Sweating, my blood felt hot, I was so frustrated with the nurses, there were multiple iv attempts, blood draws, and I spent transition labor over the head of the bed on my knees. I ended up begging for an epidural once I was fully dilated because I couldn’t relax my pelvic floor. I was terrified of tearing badly again and I’d spent the last 2 years trying to heal and restrengthen my pelvic floor. I couldn’t resist tensing up and trying to hold the baby in as I felt her moving farther down. A huge part of me felt like a failure for getting the epidural after making it so close to delivery. I wish local anesthetic for down there was a safe option. (I’ve always had a much higher threshold for internal pain and a very low threshold for topical pain, I’ve heard that’s a fairly common redhead trait.)
The nurses told me to start pushing and I asked if it was safe if I could wait a minute. I needed to breathe. I quickly pushed aside mom guilt for needing a second to collect myself and process what was happening before I met my second child. I wanted to tune everything out and focus just on meeting her. It felt like a million things were swirling around in my head- the stress of pregnancy and birth during a pandemic, the fear of catching Covid in the hospital, the worry that I wouldn’t be able to give her enough love since she was my second baby, would she even like me (yep, that seriously went through my head), would my pelvic floor heal enough to the point where I could run and play with my kids? I took a couple deep breaths and my mind magically cleared and I was 1000% ready for my baby. I rolled on my side and pushed her out in just a few pushes. The nurses yelled to feel her head, it was really freaky and gross and amazing all at the same time. With another push I could hear her screaming and another second later she was on my chest. I was instantly overcome with a rush of the most intense love and bliss. Such a miracle. (I know that not every mother experiences this feeling, I feel very blessed and grateful to have gotten to feel this twice. A love for your baby that grows slowly is just as valid, and worthy and beautiful.)

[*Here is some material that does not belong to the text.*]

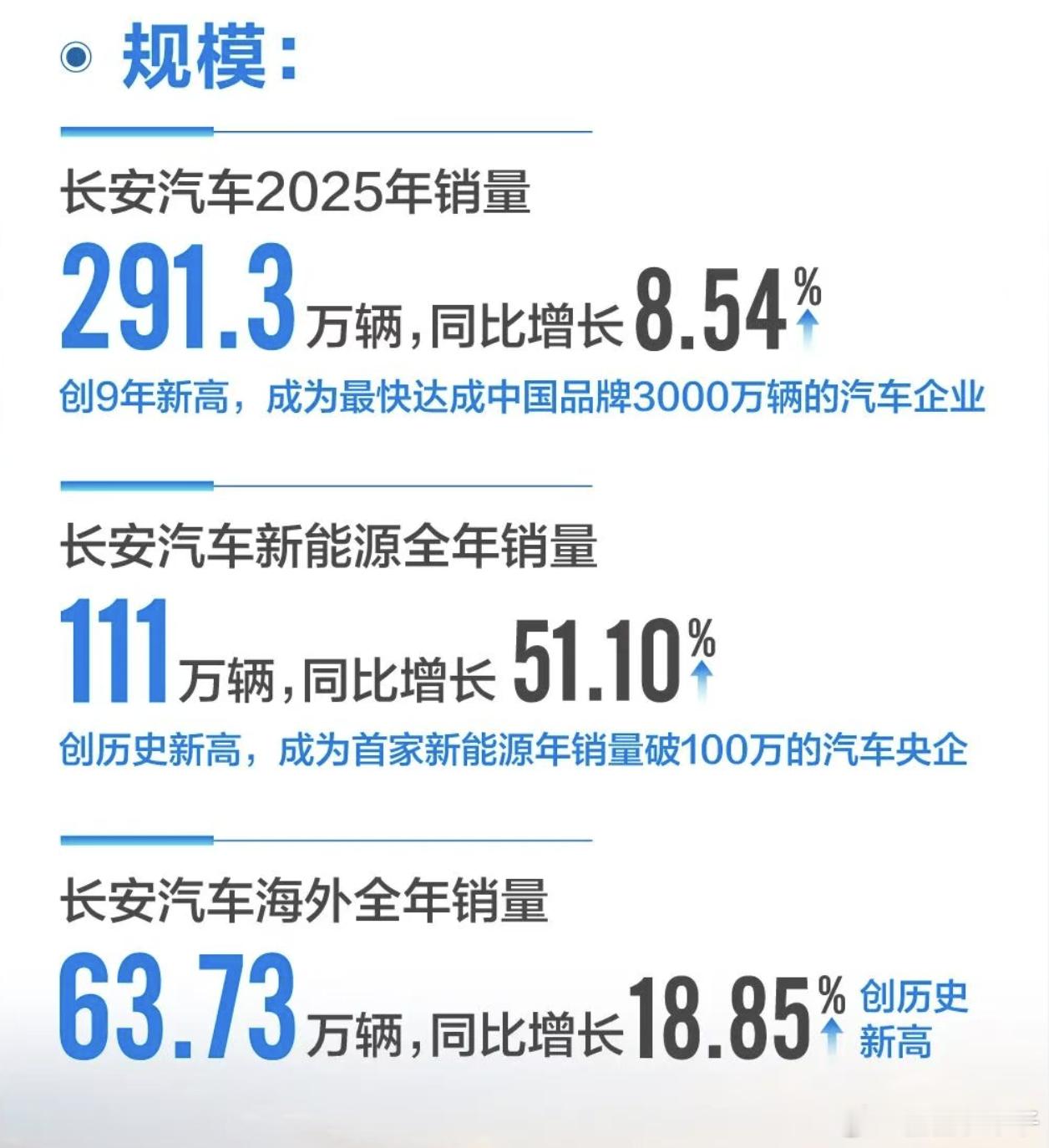 去年全年长安汽车销量291.3万辆,这个数字是九年来的新高,全年新能源汽车销量111万辆,同比增长51.1%,这个数字刷新了长安汽车的历史记录。海外销量63.7万辆,同比增长18.85%。

An little over an hour after checking into the hospital she was in my arms. Such perfect timing. I’m really thankful to Bjorn and our doula on FaceTime for guiding the timing on when to leave. I wanted to labor at home as much as possible and I’m really happy I wasn’t at the hospital any sooner or later.
The nurses let me keep holding her since her oxygen levels were good. I started nursing her within a couple minutes. She had the longest finger nails, like creepy old lady finger nails, and had scratched her face on the way out. I immediately put colostrum on the scrapes and they were almost gone by the next morning. The first things we noticed were her fuzzy black hair, her crinkly ear and her perfect button nose. I held her and whispered “I love you” over and over. We had a short list of names and middle names and we easily agreed that she was Adelheid Georgene.